You can tell from the photos that much of Mars is covered in sand and dust. I know that flowing sand has some of the same characteristics as a liquid, and I'm wondering if the channels we see (on the sides of craters and cliffs, mostly) could have been cut by falling sand or dust. If not, why not?

Anyone?

Water and wind erode differently. The main reason those channels are described as water-cut channels is they most closely resemble terrestrial fluvial (water) versus eolian (wind) landforms. Wind does not tend to flow in channels the way water does, plus there is a practical limit to the size of particles that can be carried by wind as opposed to water, so you will see dramatic differences in the types of erosion you get from the two processes. Look at terrestrial landforms sculpted by wind and you will see what I am talking about. They don't look like river channels at all.

Here's one page I found that gives a pretty good description of eolian processes and landforms so you can get an idea of how they differ from fluvial: http://www.geog.ouc.bc.ca/physgeog/contents/11r.html

I see your point, Geobabe, but what about falling (as opposed to wind-blown) sand?

In looking at the pictures, the channels always seem to be carved in the sides of a precipice of some sort. So I'm thinking that maybe the sand got pushed to the edge of the precipice by wind, then fell over the precipice, and maybe carved the channels as it flowed downward. Any reason that couldn't explain the channels?

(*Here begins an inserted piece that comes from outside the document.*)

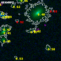 Object #5507 x,y = (2433, 846) RA, Dec = (00:32:11.544, 18:06:13.68) = (8.04810, 18.10380) BPZ = 0.868 [0.608--1.583] type = 8.70 (SB2_B10 - SB1_B10) chisq2 = 0.00 ODDS = 0.22 z_cluster = 0.396

Sand's erosive power is almost exclusively due to its being pushed by wind. Falling sand might erode some, but really, it wouldn't do much, as that would be a very finite event--it falls and that's it. Erosion is a process that takes place over a length of time. Besides, once it fell over the edge it would then begin to fill up the channel and we would see the sand if that were the case.

Besides, once it fell over the edge it would then begin to fill up the channel and we would see the sand if that were the case.

Hmmm. Makes sense. That sounds like the best argument against sand erosion.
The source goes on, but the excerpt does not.